#### Action item
When you return the data, keep every word exact and include none of the images.
(Beginning of Given data)
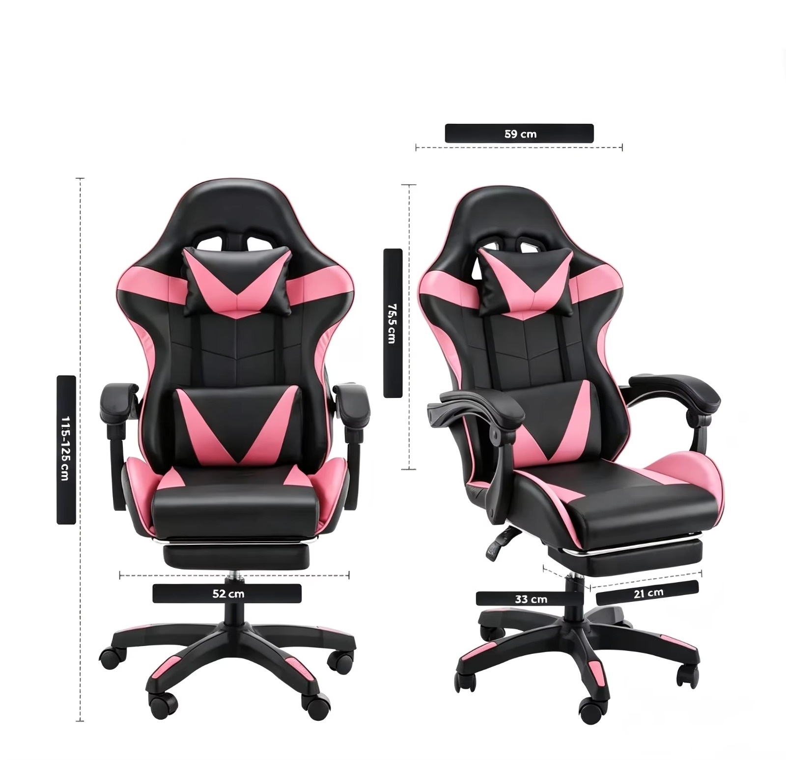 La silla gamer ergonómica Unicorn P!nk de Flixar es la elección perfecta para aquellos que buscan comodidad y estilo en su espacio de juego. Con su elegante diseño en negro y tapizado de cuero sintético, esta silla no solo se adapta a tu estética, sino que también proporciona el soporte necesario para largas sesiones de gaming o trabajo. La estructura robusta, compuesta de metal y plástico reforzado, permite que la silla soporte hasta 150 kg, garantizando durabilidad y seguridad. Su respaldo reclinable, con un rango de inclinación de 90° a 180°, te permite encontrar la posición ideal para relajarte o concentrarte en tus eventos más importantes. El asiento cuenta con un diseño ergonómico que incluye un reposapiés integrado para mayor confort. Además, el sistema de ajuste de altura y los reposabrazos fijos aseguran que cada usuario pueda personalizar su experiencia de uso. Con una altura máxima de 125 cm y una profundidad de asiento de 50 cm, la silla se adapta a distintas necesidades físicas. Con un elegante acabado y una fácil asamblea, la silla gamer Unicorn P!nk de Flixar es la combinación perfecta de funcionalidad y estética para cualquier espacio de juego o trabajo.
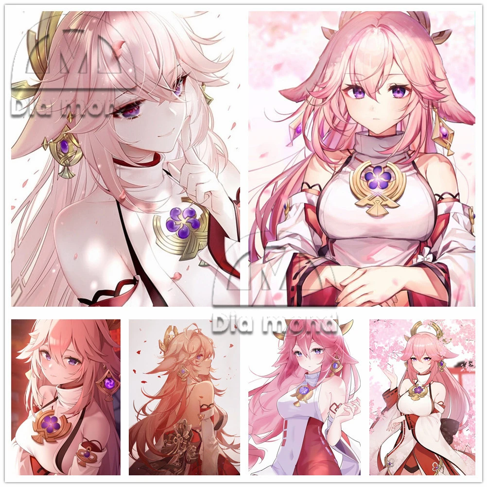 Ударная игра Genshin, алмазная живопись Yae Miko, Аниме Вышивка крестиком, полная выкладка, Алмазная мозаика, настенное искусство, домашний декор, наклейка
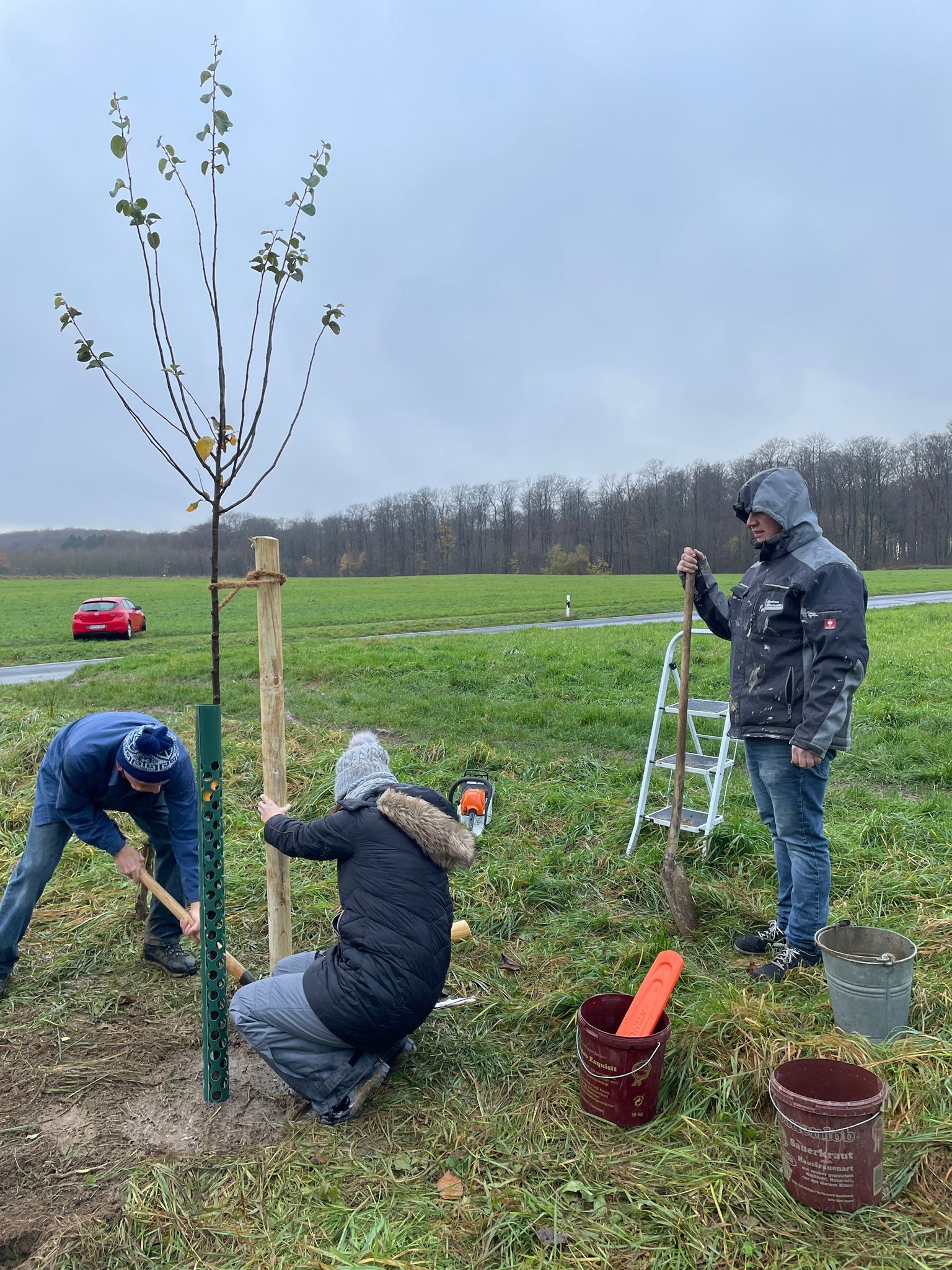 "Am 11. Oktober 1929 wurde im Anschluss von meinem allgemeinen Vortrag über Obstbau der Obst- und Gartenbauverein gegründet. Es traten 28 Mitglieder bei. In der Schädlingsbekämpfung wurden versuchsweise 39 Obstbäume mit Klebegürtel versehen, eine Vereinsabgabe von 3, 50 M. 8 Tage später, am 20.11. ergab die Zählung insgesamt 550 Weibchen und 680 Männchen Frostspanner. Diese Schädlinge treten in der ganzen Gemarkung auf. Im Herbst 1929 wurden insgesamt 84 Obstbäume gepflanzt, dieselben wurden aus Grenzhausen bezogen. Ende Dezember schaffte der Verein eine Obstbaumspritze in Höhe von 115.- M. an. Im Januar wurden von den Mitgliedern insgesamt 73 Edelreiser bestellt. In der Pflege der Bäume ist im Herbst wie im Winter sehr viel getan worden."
(End of Given data)
#### Response to the task
 La silla gamer ergonómica Unicorn P!nk de Flixar es la elección perfecta para aquellos que buscan comodidad y estilo en su espacio de juego. Con su elegante diseño en negro y tapizado de cuero sintético, esta silla no solo se adapta a tu estética, sino que también proporciona el soporte necesario para largas sesiones de gaming o trabajo. La estructura robusta, compuesta de metal y plástico reforzado, permite que la silla soporte hasta 150 kg, garantizando durabilidad y seguridad. Su respaldo reclinable, con un rango de inclinación de 90° a 180°, te permite encontrar la posición ideal para relajarte o concentrarte en tus eventos más importantes. El asiento cuenta con un diseño ergonómico que incluye un reposapiés integrado para mayor confort. Además, el sistema de ajuste de altura y los reposabrazos fijos aseguran que cada usuario pueda personalizar su experiencia de uso. Con una altura máxima de 125 cm y una profundidad de asiento de 50 cm, la silla se adapta a distintas necesidades físicas. Con un elegante acabado y una fácil asamblea, la silla gamer Unicorn P!nk de Flixar es la combinación perfecta de funcionalidad y estética para cualquier espacio de juego o trabajo.
 Ударная игра Genshin, алмазная живопись Yae Miko, Аниме Вышивка крестиком, полная выкладка, Алмазная мозаика, настенное искусство, домашний декор, наклейка
 "Am 11. Oktober 1929 wurde im Anschluss von meinem allgemeinen Vortrag über Obstbau der Obst- und Gartenbauverein gegründet. Es traten 28 Mitglieder bei. In der Schädlingsbekämpfung wurden versuchsweise 39 Obstbäume mit Klebegürtel versehen, eine Vereinsabgabe von 3, 50 M. 8 Tage später, am 20.11. ergab die Zählung insgesamt 550 Weibchen und 680 Männchen Frostspanner. Diese Schädlinge treten in der ganzen Gemarkung auf. Im Herbst 1929 wurden insgesamt 84 Obstbäume gepflanzt, dieselben wurden aus Grenzhausen bezogen. Ende Dezember schaffte der Verein eine Obstbaumspritze in Höhe von 115.- M. an. Im Januar wurden von den Mitgliedern insgesamt 73 Edelreiser bestellt. In der Pflege der Bäume ist im Herbst wie im Winter sehr viel getan worden."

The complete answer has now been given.